Yeah, I meant like it wouldn't be likely for a species to evolve with cloth or desserts as actual parts of their bodies, and I love the look of things like ICCs but I'm always wondering how they don't leave a horrible mess everywhere they go :D

Camphorous

I like to imagine that flavor creatures exist in a magical candyland where everything is made of food and the alternative laws of physics don't allow for melting, smearing, sticky, messes. Also, there are no bacteria or fungi, so nothing ever rots.

chelonianmobile

That'd work, but I struggle to get into the "magical candyland" mindset. I've been taught by previous writing courses that even magic has to make some kind of sense but I'm not very good at making magic systems...

chelonianmobile

I'm not really wording this right but I think I'm looking for something like Springdragon suggests, a singular system which semi-logically explains a weird feature.

Camphorous

The system does have to have consistent internal logic to make sense, but it doesn't have to agree to external laws.

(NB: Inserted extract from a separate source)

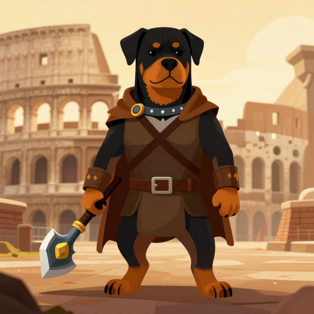 Cartoon Rottweiler warrior in brown armor, holding axe, stands confidently in front of ancient Roman ruins under a bright, orange sky.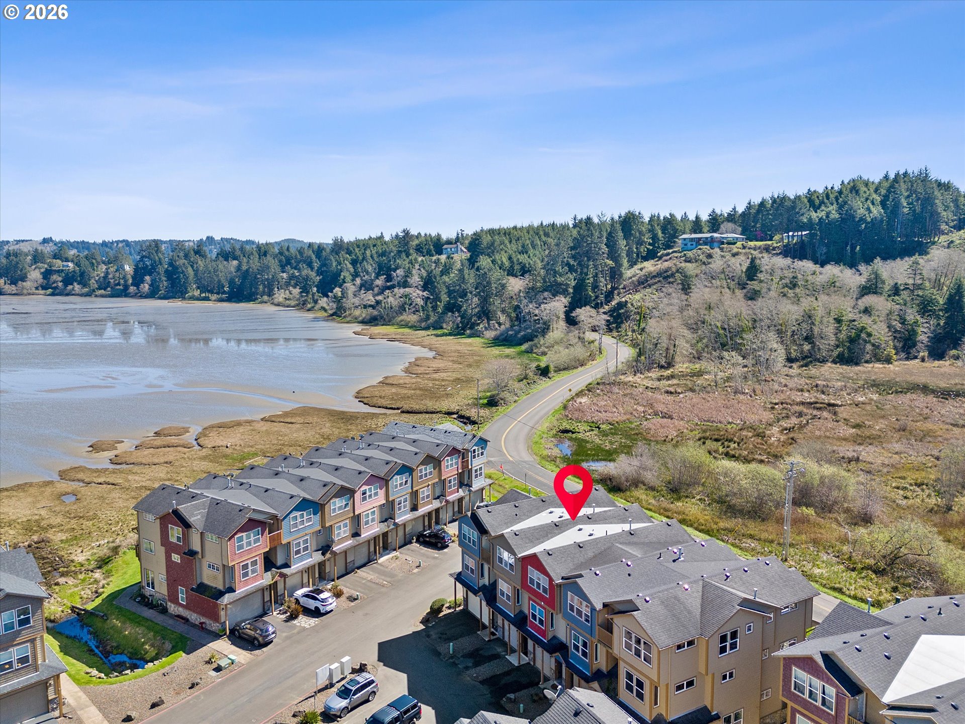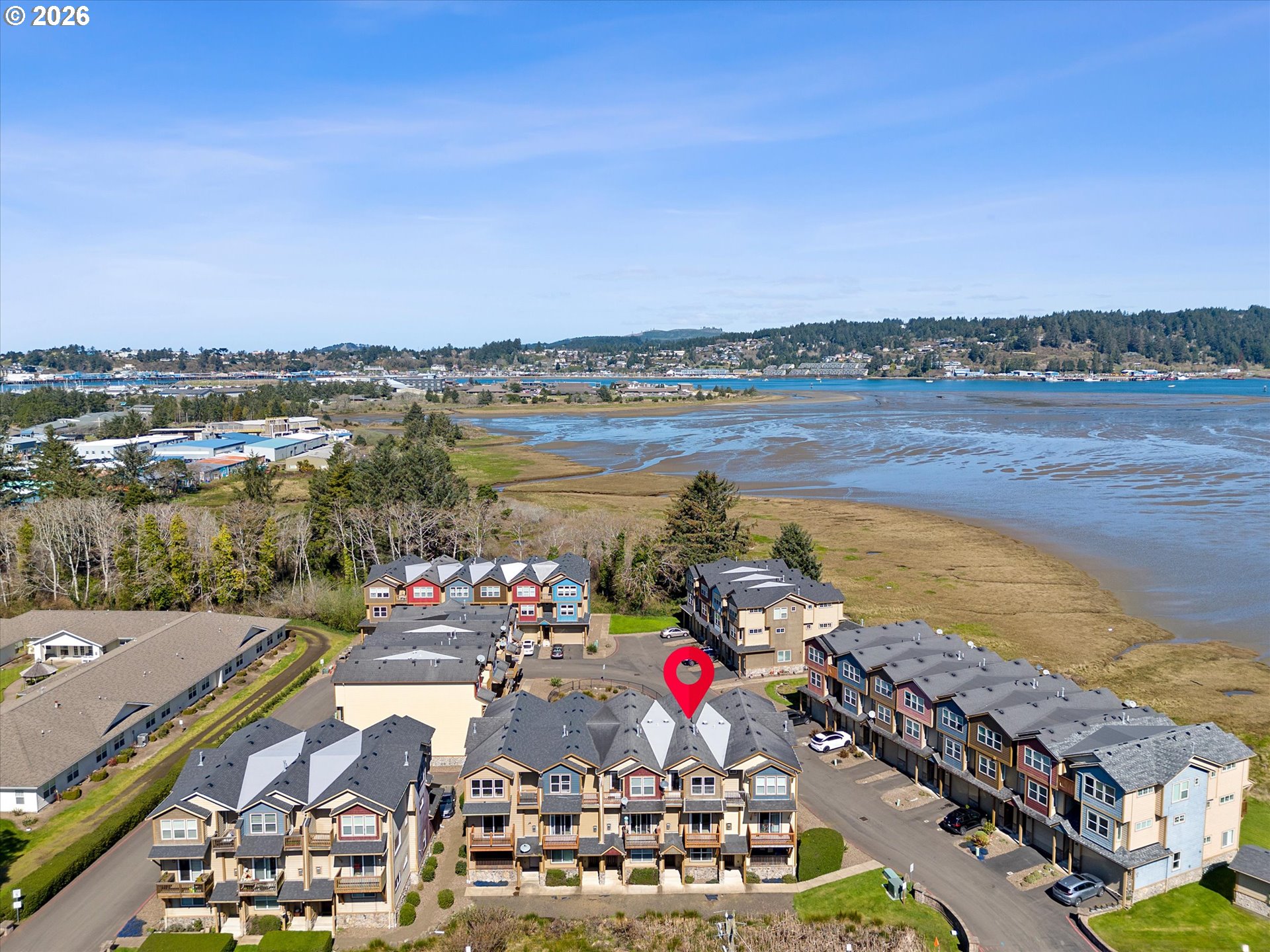 Tap into the tranquility at Neolha Point, a bay-front community! This spacious townhome offers 2 bedrooms PLUS a den/office area that could be a 3rd bedroom - no closet. Delight the chef with the large kitchen with stainless steel appliances and plenty of storage. Cozy gas fireplace in the living room with slider to deck. Upper level has primary bedroom with ensuite bath, guest bedroom, bath, and laundry. Attached one car garage with storage loft. Two decks overlook the bay and estuary, enjoy all the different species of marine birds and wildlife! Great birdwatching! Nearby South Beach State Park offers miles of sandy beach and hiking trails. Conveniently located by the Newport Aquarium and South Beach Marina. Easy access to boating, fishing, crabbing, and clamming can be yours!

Think about outer space for example. On Earth, gravity affects most of our experiences, but in space there is none. A story set in space is still perfectly believable, even though it is different.

If you create a fantasy world without gravity, you don't have to explain that it's set in space. There just isn't any. As long as it works consistently, the reader will be able to intuit the rule and it will make sense.

One of the rules of fictional candyland is that nothing rots, smears, or melts. You don't have to explain why, but you do have to explain when you break that rule.

Similarly, you can't bring a candyland character into a realistic world without explaining, because it breaks the rules.

Worlds don't have to be separated into animate and inanimate, plant and animal, predator and prey, into species that have spines and metabolize and breathe and remember or into species at all. You can break any rule that you want as long as it's consistent enough for the reader to understand.

chelonianmobile

Maybe I just need to read more Carlton Mellick. I love seeing other people do whimsical, I just struggle with it myself... The symbiosis-with-thing-which-resembles-inanimate-object might be my best bet of the ideas so far.

chelonianmobile

Appendages and eyes in weird places I can do no problem, but that's a little limited. Hm. The idea of a creature which uses dessert body parts to lure prey amuses me and now I'm thinking of using that for a "snackubus".